**WHAT THIS TASK INVOLVES:** Within the records below is a range that opens at the line with "2018 Prizm - Damian" and closes at the line with "-. Feature : Chronograph". Return that range word for word, both ends included, and only that range.

**RECORDS FOR THE TASK:**
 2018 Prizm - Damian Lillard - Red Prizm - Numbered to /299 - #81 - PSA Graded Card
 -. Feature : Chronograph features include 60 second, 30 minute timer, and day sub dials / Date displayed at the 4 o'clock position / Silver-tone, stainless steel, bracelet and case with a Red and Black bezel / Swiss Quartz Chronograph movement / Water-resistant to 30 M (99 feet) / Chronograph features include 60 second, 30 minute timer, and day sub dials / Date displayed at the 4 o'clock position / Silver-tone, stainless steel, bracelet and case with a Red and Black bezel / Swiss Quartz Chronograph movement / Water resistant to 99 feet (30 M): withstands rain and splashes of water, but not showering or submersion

---

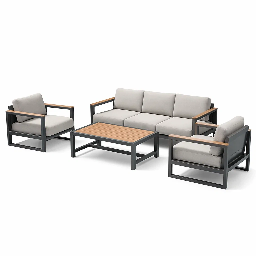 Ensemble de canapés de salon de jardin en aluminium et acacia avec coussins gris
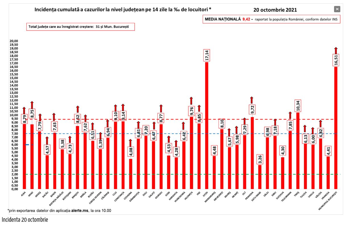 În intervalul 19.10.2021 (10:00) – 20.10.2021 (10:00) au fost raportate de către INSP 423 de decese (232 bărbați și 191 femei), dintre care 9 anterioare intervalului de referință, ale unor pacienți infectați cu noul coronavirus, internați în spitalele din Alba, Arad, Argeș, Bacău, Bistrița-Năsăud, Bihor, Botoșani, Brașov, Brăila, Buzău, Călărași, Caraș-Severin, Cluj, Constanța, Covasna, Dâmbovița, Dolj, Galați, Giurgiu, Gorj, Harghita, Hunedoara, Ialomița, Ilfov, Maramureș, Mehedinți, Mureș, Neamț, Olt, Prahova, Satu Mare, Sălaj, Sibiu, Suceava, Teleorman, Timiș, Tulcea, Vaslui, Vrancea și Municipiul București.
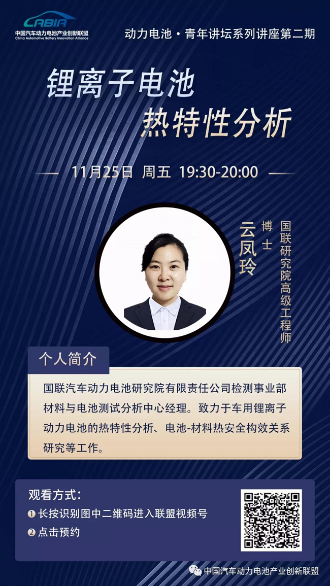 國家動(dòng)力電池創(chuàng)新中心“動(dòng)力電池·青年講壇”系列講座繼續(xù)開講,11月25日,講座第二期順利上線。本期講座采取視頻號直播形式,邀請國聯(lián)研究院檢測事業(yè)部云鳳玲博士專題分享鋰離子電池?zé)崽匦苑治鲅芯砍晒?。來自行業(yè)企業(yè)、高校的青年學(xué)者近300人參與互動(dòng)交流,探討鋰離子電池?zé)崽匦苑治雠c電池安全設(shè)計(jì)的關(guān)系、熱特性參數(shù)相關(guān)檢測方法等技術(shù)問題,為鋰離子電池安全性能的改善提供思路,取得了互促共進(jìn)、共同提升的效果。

**TASK RESPONSE:**
 2018 Prizm - Damian Lillard - Red Prizm - Numbered to /299 - #81 - PSA Graded Card
 -. Feature : Chronograph features include 60 second, 30 minute timer, and day sub dials / Date displayed at the 4 o'clock position / Silver-tone, stainless steel, bracelet and case with a Red and Black bezel / Swiss Quartz Chronograph movement / Water-resistant to 30 M (99 feet) / Chronograph features include 60 second, 30 minute timer, and day sub dials / Date displayed at the 4 o'clock position / Silver-tone, stainless steel, bracelet and case with a Red and Black bezel / Swiss Quartz Chronograph movement / Water resistant to 99 feet (30 M): withstands rain and splashes of water, but not showering or submersion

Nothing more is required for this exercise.